Raw data
[Start of Attachment]
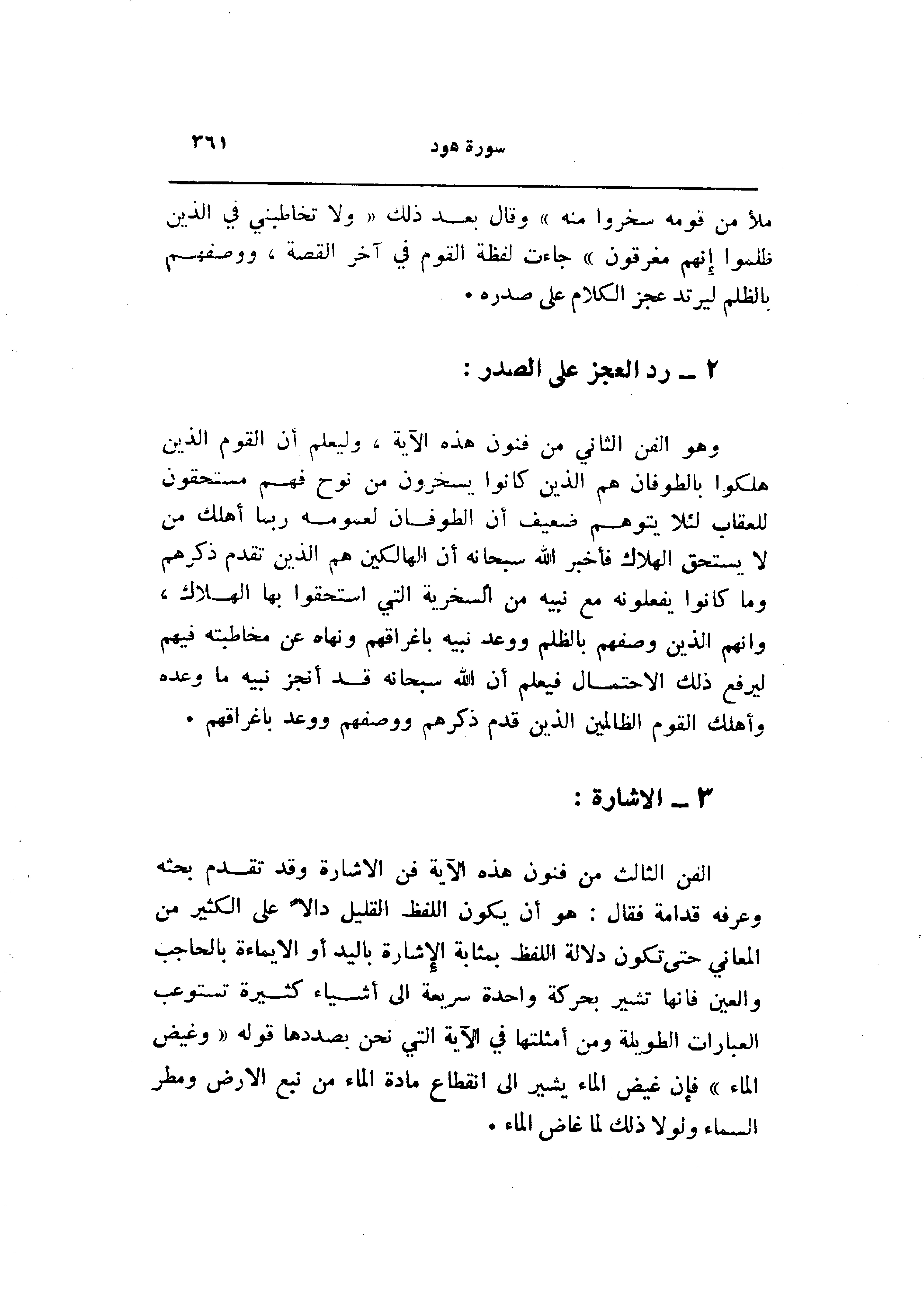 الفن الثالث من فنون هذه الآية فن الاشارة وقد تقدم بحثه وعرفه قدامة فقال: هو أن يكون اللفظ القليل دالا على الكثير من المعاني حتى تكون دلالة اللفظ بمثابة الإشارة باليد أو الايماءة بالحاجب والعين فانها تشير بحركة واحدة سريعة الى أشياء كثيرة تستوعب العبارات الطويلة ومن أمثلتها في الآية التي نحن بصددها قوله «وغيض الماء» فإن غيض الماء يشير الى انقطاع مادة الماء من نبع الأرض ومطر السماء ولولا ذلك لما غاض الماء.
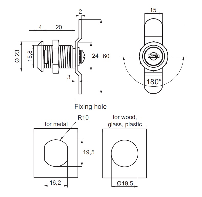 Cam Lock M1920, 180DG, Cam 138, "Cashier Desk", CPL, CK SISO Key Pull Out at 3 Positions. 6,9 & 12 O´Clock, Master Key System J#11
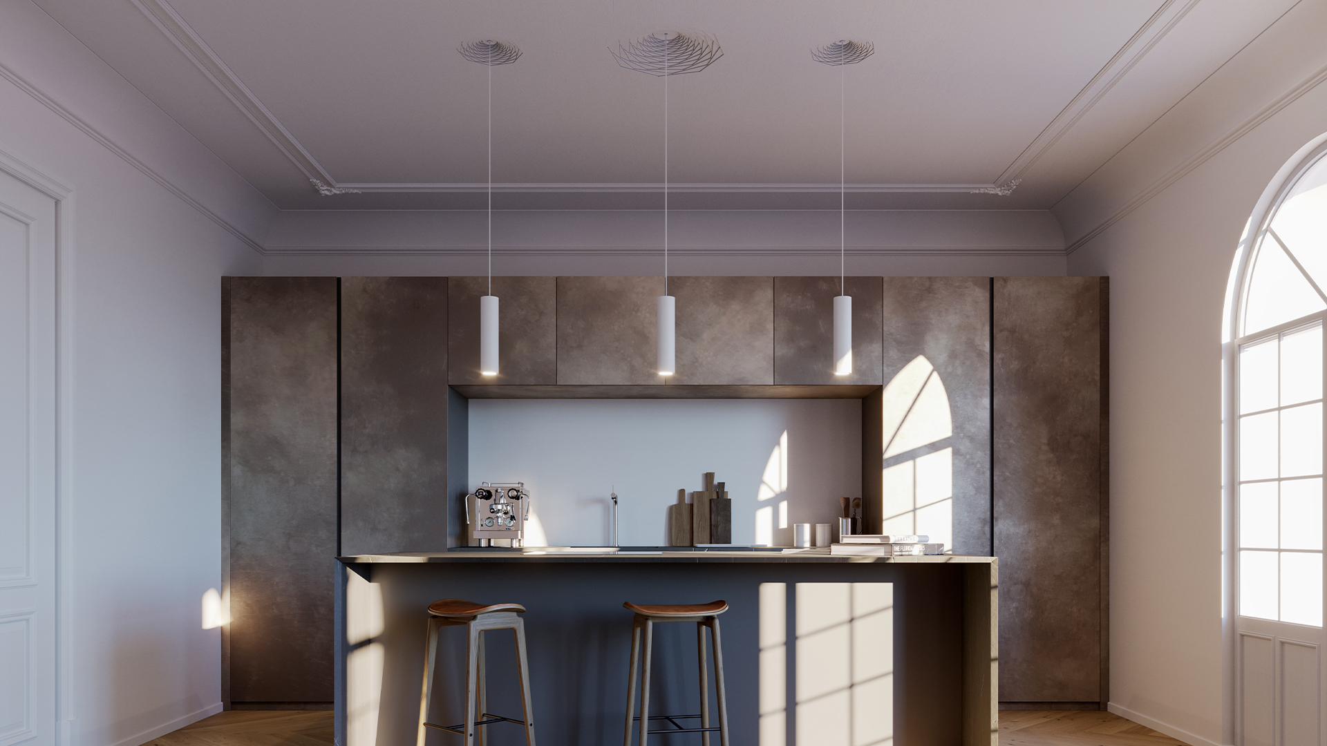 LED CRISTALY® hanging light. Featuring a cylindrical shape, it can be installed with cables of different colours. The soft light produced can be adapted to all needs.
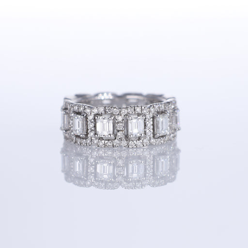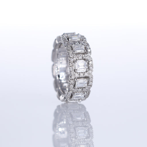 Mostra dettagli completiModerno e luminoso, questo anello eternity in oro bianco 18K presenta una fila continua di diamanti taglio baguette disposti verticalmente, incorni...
[End of Attachment]
Exercise requirements
Output only the lines from the start of the data through the line that holds "Cam Lock M1920, 180DG, Cam". Keep them exact and leave the pictures out.

Solved exercise
 الفن الثالث من فنون هذه الآية فن الاشارة وقد تقدم بحثه وعرفه قدامة فقال: هو أن يكون اللفظ القليل دالا على الكثير من المعاني حتى تكون دلالة اللفظ بمثابة الإشارة باليد أو الايماءة بالحاجب والعين فانها تشير بحركة واحدة سريعة الى أشياء كثيرة تستوعب العبارات الطويلة ومن أمثلتها في الآية التي نحن بصددها قوله «وغيض الماء» فإن غيض الماء يشير الى انقطاع مادة الماء من نبع الأرض ومطر السماء ولولا ذلك لما غاض الماء.
 Cam Lock M1920, 180DG, Cam 138, "Cashier Desk", CPL, CK SISO Key Pull Out at 3 Positions. 6,9 & 12 O´Clock, Master Key System J#11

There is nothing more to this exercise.